Incidence and Predictors of HBsAg Loss After Peginterferon Therapy in HBeAg-Negative Chronic Hepatitis B: A Multicenter, Long-term Follow-up Study Free

Abstract

Background

The long-term incidence and factors associated with hepatitis B surface antigen (HBsAg) loss in hepatitis B e antigen (HBeAg)-negative chronic hepatitis B (CHB) patients receiving peginterferon is rarely reported.

Methods

From 2004 to 2016, 233 HBeAg-negative CHB patients who completed 48 weeks of peginterferon treatment from 3 medical centers in Taiwan were retrospectively enrolled.

Results

During a median follow-up of 7.4 years, 27 cases achieved HBsAg loss. The cumulative incidences of HBsAg loss and HBsAg seroconversion at 3, 5, 10 years after peginterferon treatment were 4.7%, 9.4%, 14.2%, and 3.5%, 6.4%, 12.5%, respectively, in overall patients, and 15.9%, 29.1%, 37.3%, and 13.1%, 19%, 30.6%, respectively, in patients achieving sustained off-treatment virological response (SVR). By multivariate analysis, age (<35 years; hazard ratio [HR] = 3.742, P = .007), baseline HBsAg levels (<1250 IU/mL; HR = 4.849, P = .002), HBsAg decline at week 24 (≥1 log; HR = 5.660, P = .002), and achieving SVR (HR = 8.546, P = .006) were predictors of HBsAg loss. After achieving SVR, HBsAg loss rates were higher than 30% in 5 years among patients with either younger age or lower HBsAg at baseline.

Conclusions

HBsAg loss rate continues to increase after peginterferon treatment in HBeAg-negative CHB patients with SVR. Age, baseline HBsAg levels, on-treatment HBsAg decline, and achieving SVR are factors associated with long-term HBsAg loss.

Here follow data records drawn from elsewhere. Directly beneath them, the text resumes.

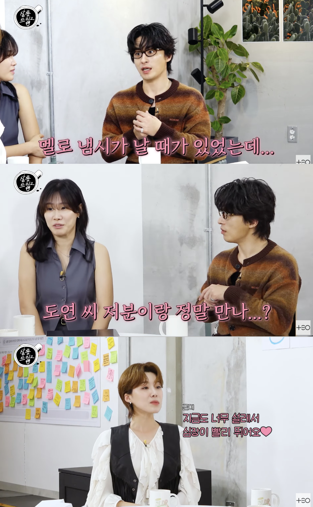 이어 이옥섭은 "(교환이) 저한테 물어보기도 한다. '도연 씨랑 저 분 만나?'라고"라고 덧붙여 웃음을 자아냈다. 이를 들은 장도연은 "설렌 적은 너무 많죠. 저도 만났으면 좋겠어요"라고 진심 어린 고백을 전했다.
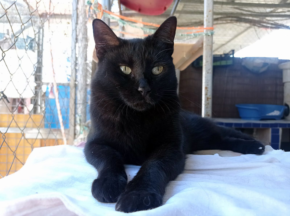 Toen ze daar net woonde was ze erg verlegen, ze had in korte tijd dan ook wel heel veel veranderingen doorgemaakt. Beetje bij beetje kroop ze uit haar schulp en kwam er een geweldige poes tevoorschijn. Ze is superaanhankelijk, dol op mensen, sociaal en heel rustig. Als de medewerkers van het asiel in haar verblijf komen houdt ze ze van een afstandje in de gaten, maar zodra er iemand oogcontact met haar maakt komt ze aanrennen om haar knuffels en aaitjes in ontvangst te nemen.
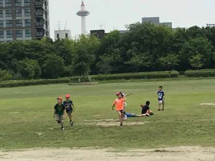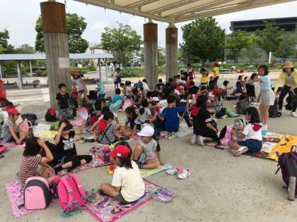 梅小路公園に到着です。20分ほど自由遊びのはずが、疲れたのか,自主的にお弁当のスタンバイです。ステージの日陰の場所がとれました。
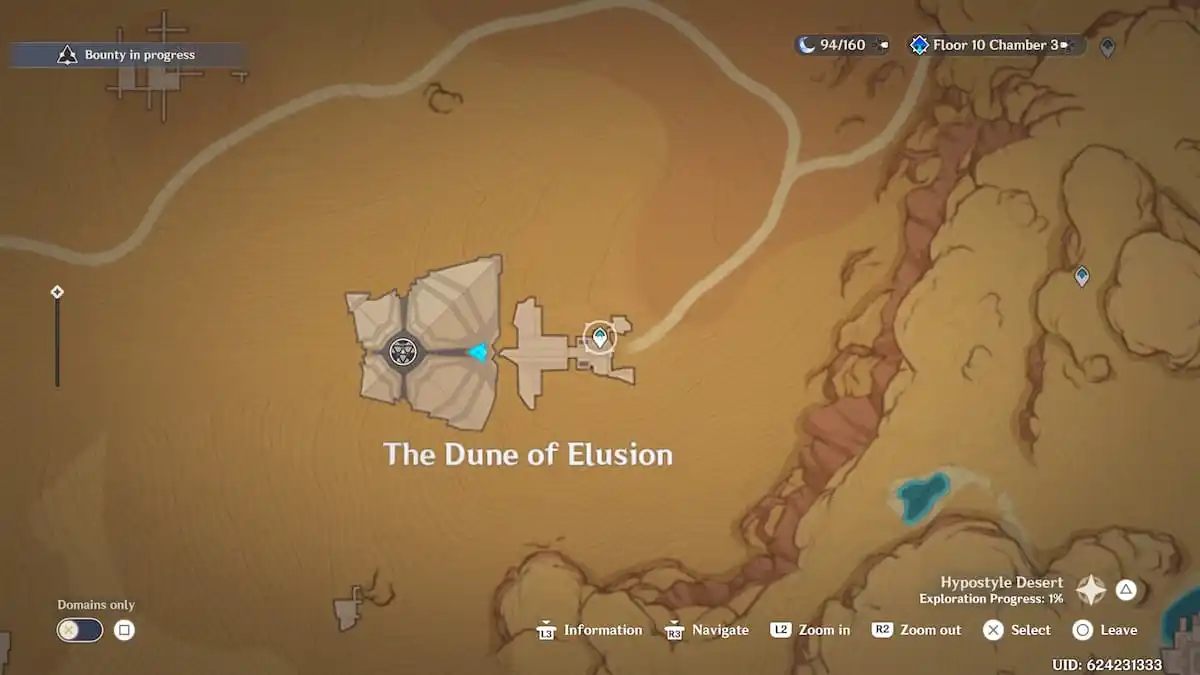 このボス戦のステージを見つけるのは、ありがたいことに簡単です。 Sumeru 砂漠の Dune of Elusion まで徒歩で移動します。ウェイポイントのロックを解除して、次回ここにすばやく戻ることができるようにします。アルゴリズム マトリックスはピラミッドのすぐ内側にあります。
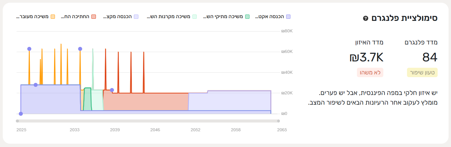 לצד גרף הפלנגרם מופיעים שני מדדים חשובים, מדד פלנגרם ומדד האיזון, שיחד מכמתים את מידת ה"איכות" של התוכנית הפיננסית שלכם: כמה איזון קיים בין ההווה לעתיד. ניתן להעמיק על מדד פלנגרם ומדד האיזון.

Chronic hepatitis B virus (HBV) infection is estimated to affect 248 million people worldwide and is associated with the development of cirrhosis and hepatocellular carcinoma (HCC) [1]. Hepatitis B e antigen (HBeAg)-negative chronic hepatitis B (CHB), the predominant type of CHB worldwide, represents a progressive and difficult-to-cure phase in the natural history of chronic HBV infection [2]. The goal of antiviral therapy for CHB is to improve survival and quality of life by preventing disease progression and HCC development through sustained suppression of HBV and, ideally, the clearance of hepatitis B surface antigen (HBsAg), which is considered a functional cure of HBV infection [3–5]. Unfortunately, HBsAg loss is uncommon by current treatment strategies, especially in patients with HBeAg-negative CHB [6].

Among the current standard antiviral therapies for CHB, peginterferon alfa (PegIFN) offers several benefits over nucleos(t)ide analogs (NUCs), including a finite duration of therapy and a higher rate of HBsAg loss [7]. In HBeAg-negative CHB patients, the 48-week PegIFN therapy leads to a sustained off-treatment virological response (SVR) in approximately 30% of patients, but HBsAg loss during PegIFN therapy is rare [8–11]. Nevertheless, the chance of HBsAg loss may continue to increase during long-term follow-up in patients achieving SVR. In the registration trial, only 3% of HBeAg-negative CHB patients had HBsAg loss 6 months after the end of PegIFN treatment, while the rate of HBsAg loss progressively increased to 9% at year 3 and 12% at year 5 [8, 12, 13]. On-treatment HBsAg declines have been shown to predict HBsAg loss after PegIFN therapy [14–16], while baseline predictors of long-term HBsAg loss remains undetermined.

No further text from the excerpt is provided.